Link to online definitions, but cautiously
Glossaries can help you cater to a small number of less sophisticated readers. You can link from technical terms to their definitions. This works well in online content, such as websites, blogs, and even in PDFs that are read online. In printed documents, you can refer to a glossary at the back of the piece or at an easy-to-type online address. However, be aware that it takes a very motivated reader to click, read the definition, and then return to your document. I’d only use this technique when less sophisticated readers are a small minority.
You can find good definitions online, with glossaries such as Investing in Bonds, the Morningstar Investment Glossary, or the NASDAQ Glossary of Stock Market Terms. You can also do a Google search, typing “Define: Term.”

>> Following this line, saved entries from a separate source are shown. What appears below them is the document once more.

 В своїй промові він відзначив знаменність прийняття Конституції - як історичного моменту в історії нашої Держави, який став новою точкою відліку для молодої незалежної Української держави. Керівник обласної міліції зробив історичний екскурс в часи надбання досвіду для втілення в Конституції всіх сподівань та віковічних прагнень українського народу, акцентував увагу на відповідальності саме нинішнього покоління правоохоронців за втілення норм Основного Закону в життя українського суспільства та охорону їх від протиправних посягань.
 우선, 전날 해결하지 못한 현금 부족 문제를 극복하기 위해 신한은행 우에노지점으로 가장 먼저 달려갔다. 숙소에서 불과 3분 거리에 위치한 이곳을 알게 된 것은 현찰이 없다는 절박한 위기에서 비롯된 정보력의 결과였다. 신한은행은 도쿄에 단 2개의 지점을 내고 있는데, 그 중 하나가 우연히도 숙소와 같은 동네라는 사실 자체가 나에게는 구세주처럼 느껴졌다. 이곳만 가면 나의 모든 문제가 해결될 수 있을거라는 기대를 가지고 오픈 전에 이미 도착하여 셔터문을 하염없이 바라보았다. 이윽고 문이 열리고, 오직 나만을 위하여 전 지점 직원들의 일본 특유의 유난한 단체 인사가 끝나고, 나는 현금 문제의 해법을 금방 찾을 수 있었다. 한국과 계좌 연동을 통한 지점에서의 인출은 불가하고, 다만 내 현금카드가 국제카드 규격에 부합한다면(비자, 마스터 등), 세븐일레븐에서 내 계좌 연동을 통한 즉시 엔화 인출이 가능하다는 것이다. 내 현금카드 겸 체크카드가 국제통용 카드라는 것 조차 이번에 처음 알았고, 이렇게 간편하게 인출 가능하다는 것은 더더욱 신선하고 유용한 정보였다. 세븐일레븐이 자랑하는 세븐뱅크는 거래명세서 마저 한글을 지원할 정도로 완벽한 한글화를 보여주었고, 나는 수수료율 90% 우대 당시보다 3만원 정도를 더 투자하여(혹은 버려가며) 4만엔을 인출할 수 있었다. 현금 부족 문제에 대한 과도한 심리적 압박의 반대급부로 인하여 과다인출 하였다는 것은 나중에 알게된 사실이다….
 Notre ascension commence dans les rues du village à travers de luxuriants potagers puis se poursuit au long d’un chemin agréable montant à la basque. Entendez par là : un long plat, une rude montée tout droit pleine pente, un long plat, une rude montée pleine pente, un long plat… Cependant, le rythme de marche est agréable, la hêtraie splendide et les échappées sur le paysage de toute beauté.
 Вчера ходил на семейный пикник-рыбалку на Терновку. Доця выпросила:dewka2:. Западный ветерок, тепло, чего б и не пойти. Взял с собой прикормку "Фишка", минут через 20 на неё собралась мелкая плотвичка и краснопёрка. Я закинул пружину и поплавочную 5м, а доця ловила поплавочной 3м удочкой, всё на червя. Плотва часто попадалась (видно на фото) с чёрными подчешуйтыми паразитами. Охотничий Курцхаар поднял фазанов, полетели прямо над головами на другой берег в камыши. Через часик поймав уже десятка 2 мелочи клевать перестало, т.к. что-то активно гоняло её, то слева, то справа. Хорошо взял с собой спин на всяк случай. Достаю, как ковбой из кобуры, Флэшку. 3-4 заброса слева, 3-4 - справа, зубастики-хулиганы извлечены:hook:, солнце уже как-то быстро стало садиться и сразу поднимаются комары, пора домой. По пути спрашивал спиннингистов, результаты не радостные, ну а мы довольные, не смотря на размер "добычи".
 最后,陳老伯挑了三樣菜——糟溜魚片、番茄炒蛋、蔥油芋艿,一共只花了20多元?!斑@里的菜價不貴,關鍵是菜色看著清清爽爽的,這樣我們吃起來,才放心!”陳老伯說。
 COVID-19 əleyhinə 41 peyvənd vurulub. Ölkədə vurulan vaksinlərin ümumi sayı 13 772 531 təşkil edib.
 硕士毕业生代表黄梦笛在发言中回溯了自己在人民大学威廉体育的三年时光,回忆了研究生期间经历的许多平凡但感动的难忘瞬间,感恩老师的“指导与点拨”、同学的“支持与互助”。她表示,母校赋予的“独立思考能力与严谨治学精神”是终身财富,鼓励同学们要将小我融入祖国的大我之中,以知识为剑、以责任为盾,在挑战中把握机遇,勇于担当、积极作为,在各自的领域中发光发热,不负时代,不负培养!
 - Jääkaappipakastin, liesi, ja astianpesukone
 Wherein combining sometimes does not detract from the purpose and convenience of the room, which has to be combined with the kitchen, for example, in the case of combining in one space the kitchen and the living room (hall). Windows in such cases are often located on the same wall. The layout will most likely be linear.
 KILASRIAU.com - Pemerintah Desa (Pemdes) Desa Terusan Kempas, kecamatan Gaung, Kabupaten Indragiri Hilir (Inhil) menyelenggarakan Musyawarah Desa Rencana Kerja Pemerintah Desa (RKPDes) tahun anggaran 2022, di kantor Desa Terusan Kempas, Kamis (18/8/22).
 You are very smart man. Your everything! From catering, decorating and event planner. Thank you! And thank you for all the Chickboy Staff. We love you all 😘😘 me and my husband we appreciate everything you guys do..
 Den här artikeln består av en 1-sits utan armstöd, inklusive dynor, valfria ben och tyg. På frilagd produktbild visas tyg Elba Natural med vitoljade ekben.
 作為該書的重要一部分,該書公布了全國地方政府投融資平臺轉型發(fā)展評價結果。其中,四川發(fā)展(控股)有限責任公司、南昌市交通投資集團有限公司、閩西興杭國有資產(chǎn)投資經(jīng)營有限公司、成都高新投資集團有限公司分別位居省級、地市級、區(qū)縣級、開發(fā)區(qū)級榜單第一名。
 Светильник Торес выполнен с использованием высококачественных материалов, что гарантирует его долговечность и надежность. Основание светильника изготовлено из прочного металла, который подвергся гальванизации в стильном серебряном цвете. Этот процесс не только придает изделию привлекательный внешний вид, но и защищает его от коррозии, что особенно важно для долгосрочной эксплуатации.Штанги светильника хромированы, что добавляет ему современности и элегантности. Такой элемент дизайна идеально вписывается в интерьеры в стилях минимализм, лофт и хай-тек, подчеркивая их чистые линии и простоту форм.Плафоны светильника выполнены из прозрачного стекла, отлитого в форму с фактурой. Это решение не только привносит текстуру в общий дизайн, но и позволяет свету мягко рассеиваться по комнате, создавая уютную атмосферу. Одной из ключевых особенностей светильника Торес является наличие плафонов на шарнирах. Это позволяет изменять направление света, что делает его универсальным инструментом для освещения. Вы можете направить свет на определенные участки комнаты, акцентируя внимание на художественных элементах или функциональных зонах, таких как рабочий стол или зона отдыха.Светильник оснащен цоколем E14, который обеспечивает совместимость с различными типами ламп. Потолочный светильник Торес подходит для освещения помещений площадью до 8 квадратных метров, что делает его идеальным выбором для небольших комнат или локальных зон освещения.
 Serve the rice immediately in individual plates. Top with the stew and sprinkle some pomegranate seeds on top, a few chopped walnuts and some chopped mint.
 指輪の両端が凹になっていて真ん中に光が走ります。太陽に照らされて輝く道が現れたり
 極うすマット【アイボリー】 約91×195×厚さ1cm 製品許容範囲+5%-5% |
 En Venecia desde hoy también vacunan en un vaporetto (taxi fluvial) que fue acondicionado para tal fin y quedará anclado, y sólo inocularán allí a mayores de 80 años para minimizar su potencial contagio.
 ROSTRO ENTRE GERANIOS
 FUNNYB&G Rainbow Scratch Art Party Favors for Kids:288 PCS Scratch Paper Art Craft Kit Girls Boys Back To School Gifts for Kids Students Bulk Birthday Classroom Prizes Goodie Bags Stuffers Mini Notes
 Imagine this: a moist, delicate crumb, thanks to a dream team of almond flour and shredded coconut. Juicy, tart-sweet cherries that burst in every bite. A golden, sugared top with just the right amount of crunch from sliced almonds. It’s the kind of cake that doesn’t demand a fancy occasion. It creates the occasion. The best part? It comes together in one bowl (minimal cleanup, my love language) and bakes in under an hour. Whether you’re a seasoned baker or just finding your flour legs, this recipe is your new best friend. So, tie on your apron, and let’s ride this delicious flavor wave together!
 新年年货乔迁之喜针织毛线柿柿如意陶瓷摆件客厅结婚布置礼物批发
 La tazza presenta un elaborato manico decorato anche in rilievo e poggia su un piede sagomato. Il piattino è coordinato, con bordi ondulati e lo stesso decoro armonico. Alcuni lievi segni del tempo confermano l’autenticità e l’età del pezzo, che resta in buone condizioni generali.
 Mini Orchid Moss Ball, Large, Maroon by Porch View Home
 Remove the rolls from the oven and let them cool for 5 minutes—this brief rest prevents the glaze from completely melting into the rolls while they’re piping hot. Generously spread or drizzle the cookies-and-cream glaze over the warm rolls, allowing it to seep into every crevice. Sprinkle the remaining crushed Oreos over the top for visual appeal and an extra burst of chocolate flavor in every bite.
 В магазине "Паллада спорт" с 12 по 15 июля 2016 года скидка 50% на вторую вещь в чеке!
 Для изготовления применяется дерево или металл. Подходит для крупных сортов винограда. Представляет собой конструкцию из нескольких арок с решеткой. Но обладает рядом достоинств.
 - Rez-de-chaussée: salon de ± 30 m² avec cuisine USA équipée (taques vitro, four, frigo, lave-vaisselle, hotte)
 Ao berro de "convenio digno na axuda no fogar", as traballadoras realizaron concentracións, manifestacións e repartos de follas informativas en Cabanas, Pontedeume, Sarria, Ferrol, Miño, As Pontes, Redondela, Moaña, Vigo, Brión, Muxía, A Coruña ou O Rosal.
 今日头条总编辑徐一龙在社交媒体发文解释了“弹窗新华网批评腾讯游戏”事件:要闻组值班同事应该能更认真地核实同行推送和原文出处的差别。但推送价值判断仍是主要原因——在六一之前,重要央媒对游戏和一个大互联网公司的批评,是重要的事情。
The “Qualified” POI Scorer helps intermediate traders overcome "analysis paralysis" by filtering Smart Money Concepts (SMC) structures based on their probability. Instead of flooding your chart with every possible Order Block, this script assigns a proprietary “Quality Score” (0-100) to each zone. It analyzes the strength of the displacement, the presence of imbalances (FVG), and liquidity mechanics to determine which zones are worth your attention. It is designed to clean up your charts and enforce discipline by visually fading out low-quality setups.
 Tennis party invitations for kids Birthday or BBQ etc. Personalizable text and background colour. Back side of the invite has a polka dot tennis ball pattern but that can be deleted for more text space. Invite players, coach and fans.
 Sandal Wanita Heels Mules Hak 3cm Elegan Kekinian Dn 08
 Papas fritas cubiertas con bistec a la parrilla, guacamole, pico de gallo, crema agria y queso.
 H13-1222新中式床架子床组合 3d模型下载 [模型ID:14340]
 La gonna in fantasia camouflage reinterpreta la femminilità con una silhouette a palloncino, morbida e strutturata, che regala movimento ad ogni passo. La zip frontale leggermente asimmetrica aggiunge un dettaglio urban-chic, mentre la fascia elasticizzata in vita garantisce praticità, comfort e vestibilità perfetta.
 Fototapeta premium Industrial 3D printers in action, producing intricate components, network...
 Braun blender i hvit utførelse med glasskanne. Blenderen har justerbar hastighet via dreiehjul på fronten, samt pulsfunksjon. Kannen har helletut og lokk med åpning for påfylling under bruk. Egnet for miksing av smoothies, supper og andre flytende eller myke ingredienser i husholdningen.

Don’t blindly accept any definition you find. Read the definition carefully to see if you agree with it.
Create your own glossary
Another approach is to create your own glossary that lives on your website. This may be the only solution if you have concerns about linking to third-party websites. Your compliance professionals may worry about seeming to endorse someone else’s website or being vulnerable to changes that occur in the content after you post your link. Plus, what happens if that page disappears? Broken links disappoint your readers and damage your credibility. Creating your own glossary gives you control over the definition and your readers’ access to it.
Another potential advantage: You can cross-link from your glossary definition to other relevant content. This could increase readers’ engagement with your website.